Collected data entries
● ● ●

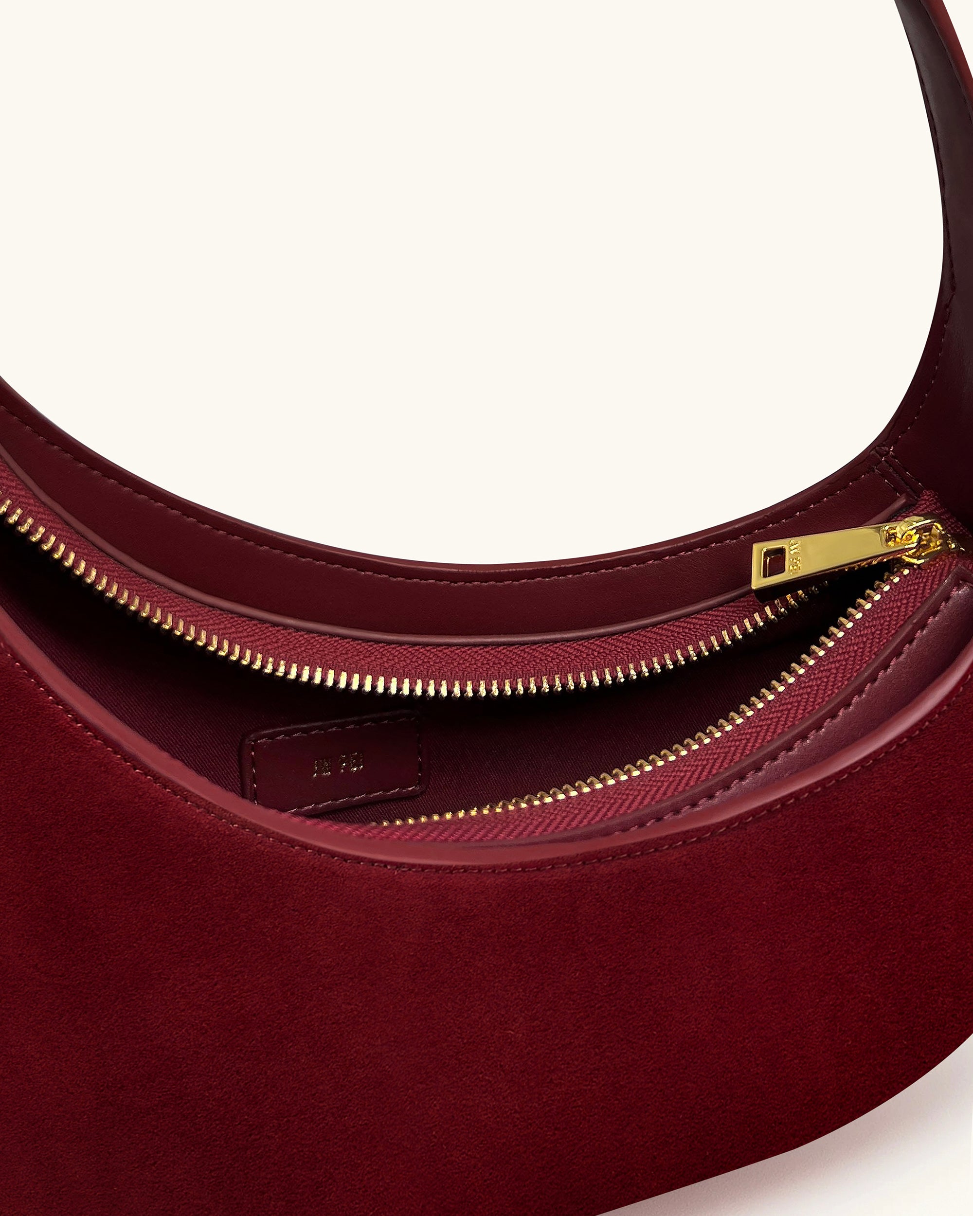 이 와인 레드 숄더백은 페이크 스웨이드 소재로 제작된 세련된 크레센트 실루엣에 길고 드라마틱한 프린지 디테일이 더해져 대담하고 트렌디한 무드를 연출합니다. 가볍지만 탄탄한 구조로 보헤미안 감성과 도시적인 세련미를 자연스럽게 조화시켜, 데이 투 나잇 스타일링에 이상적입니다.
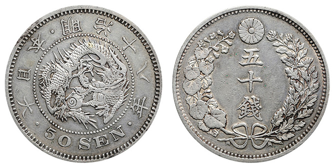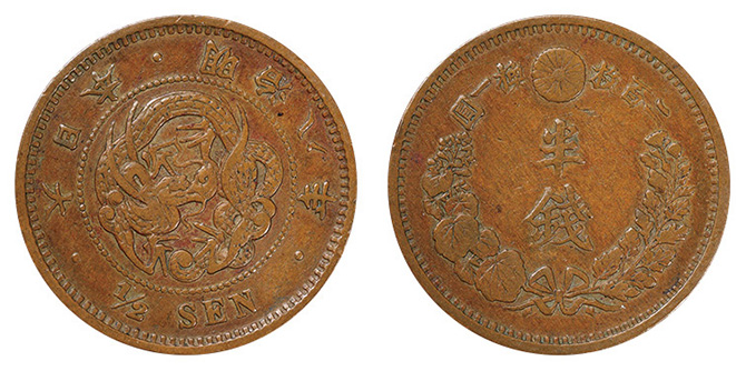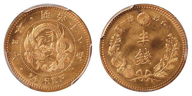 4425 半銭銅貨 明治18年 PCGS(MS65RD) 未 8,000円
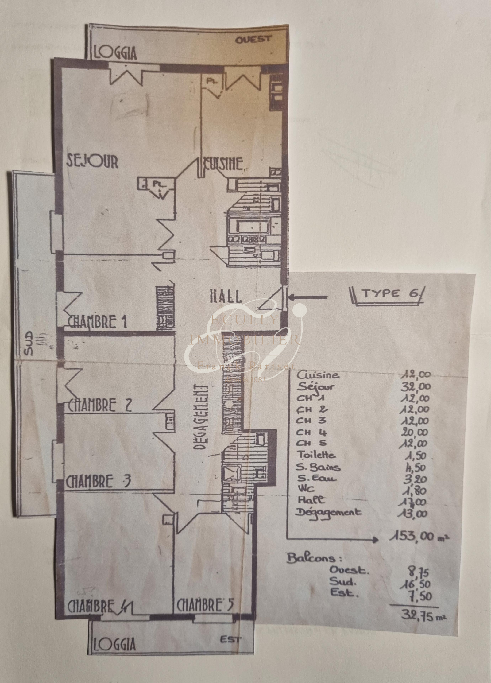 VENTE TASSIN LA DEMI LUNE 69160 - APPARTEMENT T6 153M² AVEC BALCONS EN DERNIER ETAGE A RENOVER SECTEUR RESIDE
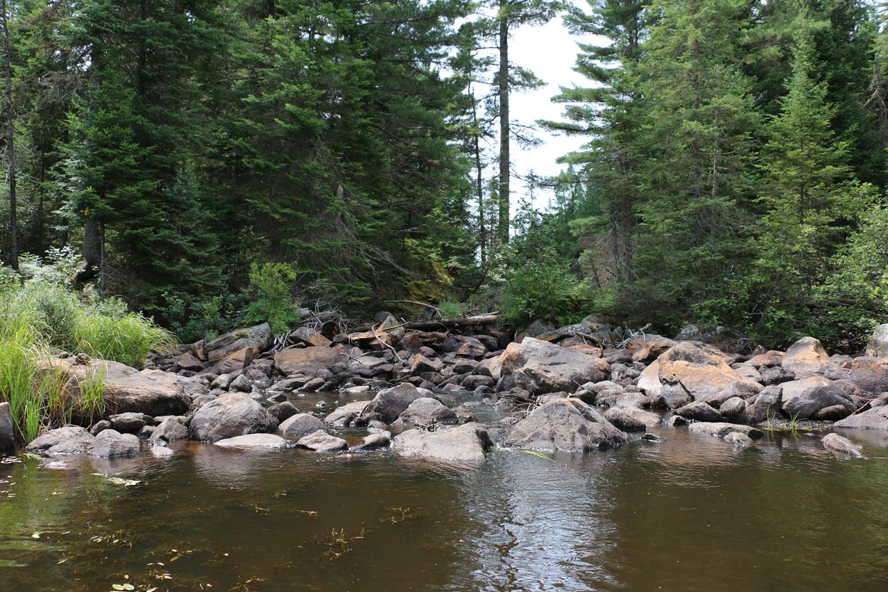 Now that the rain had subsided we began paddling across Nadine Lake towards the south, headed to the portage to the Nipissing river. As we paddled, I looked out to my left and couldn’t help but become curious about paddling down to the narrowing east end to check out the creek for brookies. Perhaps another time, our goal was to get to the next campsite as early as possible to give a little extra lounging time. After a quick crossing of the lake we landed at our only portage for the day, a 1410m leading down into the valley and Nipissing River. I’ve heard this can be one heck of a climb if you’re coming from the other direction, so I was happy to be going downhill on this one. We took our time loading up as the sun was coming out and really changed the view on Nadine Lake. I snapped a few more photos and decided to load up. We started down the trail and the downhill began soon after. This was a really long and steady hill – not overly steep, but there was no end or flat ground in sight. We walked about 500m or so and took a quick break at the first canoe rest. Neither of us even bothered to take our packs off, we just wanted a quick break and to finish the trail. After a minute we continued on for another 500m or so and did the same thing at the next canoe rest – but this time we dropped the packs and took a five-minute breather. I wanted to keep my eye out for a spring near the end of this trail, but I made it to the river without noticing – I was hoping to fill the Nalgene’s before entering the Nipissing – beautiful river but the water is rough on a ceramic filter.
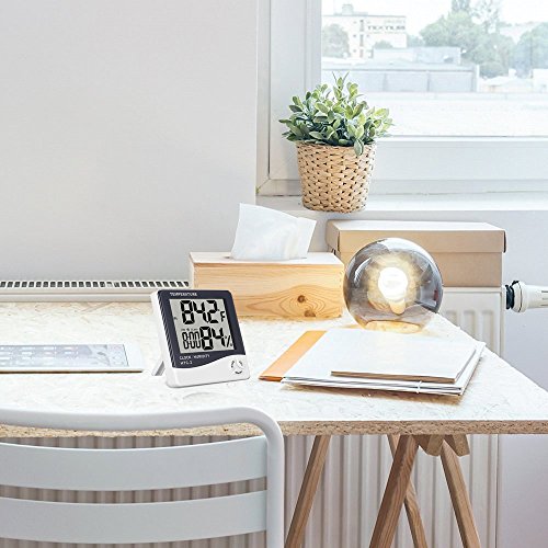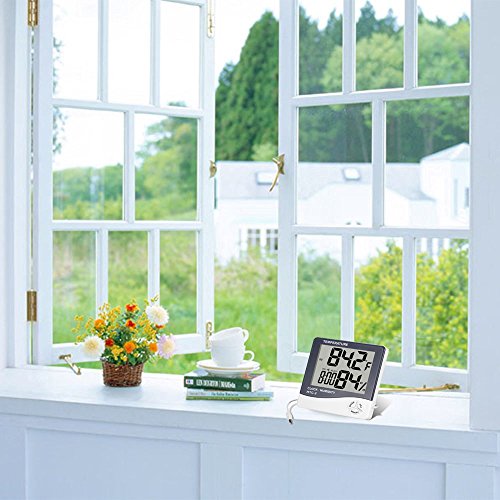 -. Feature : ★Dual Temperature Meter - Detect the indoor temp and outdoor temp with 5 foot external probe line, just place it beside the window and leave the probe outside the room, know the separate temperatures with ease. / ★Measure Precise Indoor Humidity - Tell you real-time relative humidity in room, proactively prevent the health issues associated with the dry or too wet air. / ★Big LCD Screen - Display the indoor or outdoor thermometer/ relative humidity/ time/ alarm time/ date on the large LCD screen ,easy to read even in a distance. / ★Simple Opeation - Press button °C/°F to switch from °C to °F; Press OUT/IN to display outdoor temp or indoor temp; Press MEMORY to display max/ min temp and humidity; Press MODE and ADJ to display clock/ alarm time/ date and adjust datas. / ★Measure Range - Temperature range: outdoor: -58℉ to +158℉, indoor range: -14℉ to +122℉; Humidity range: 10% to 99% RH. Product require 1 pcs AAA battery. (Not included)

● ● ●

The reply should hold only the lines running from the top of the records to the line containing "VENTE TASSIN LA", both included, copied exactly with no pictures.

 이 와인 레드 숄더백은 페이크 스웨이드 소재로 제작된 세련된 크레센트 실루엣에 길고 드라마틱한 프린지 디테일이 더해져 대담하고 트렌디한 무드를 연출합니다. 가볍지만 탄탄한 구조로 보헤미안 감성과 도시적인 세련미를 자연스럽게 조화시켜, 데이 투 나잇 스타일링에 이상적입니다.
 4425 半銭銅貨 明治18年 PCGS(MS65RD) 未 8,000円
 VENTE TASSIN LA DEMI LUNE 69160 - APPARTEMENT T6 153M² AVEC BALCONS EN DERNIER ETAGE A RENOVER SECTEUR RESIDE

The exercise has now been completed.